■ Supplied data:
++++

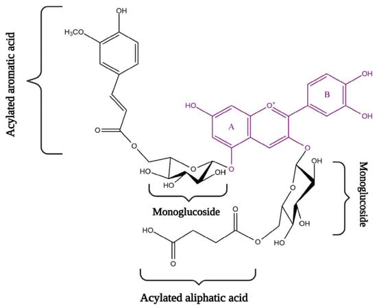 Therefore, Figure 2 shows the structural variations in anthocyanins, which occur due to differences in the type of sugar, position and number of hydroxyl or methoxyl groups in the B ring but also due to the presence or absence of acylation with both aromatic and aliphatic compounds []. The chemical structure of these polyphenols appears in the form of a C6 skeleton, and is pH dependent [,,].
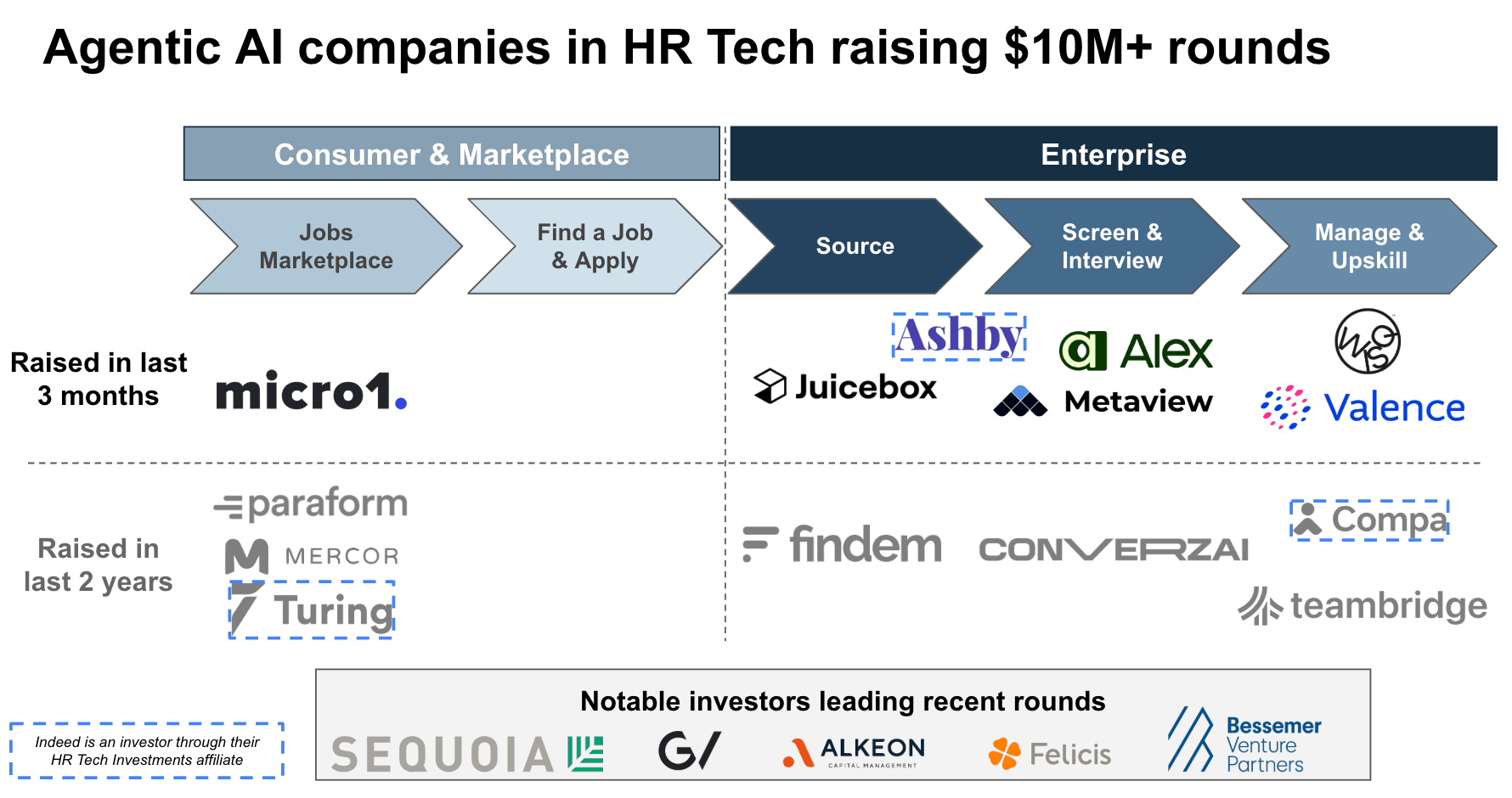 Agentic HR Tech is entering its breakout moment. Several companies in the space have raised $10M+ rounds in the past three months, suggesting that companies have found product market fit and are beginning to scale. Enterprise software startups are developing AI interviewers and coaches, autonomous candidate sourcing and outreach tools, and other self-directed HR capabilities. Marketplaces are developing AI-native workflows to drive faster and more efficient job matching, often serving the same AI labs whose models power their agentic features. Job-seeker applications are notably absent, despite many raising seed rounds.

++++

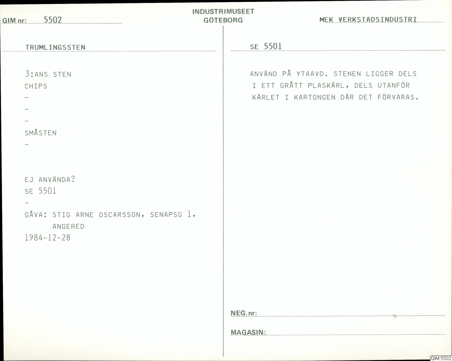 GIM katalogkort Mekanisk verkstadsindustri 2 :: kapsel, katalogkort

++++

Here the job is to copy the listing above word for word, starting at the line with "Therefore, Figure 2" and ending at the line with "Agentic HR Tech", and to leave out the pictures.

■ Exercise response:
 Therefore, Figure 2 shows the structural variations in anthocyanins, which occur due to differences in the type of sugar, position and number of hydroxyl or methoxyl groups in the B ring but also due to the presence or absence of acylation with both aromatic and aliphatic compounds []. The chemical structure of these polyphenols appears in the form of a C6 skeleton, and is pH dependent [,,].
 Agentic HR Tech is entering its breakout moment. Several companies in the space have raised $10M+ rounds in the past three months, suggesting that companies have found product market fit and are beginning to scale. Enterprise software startups are developing AI interviewers and coaches, autonomous candidate sourcing and outreach tools, and other self-directed HR capabilities. Marketplaces are developing AI-native workflows to drive faster and more efficient job matching, often serving the same AI labs whose models power their agentic features. Job-seeker applications are notably absent, despite many raising seed rounds.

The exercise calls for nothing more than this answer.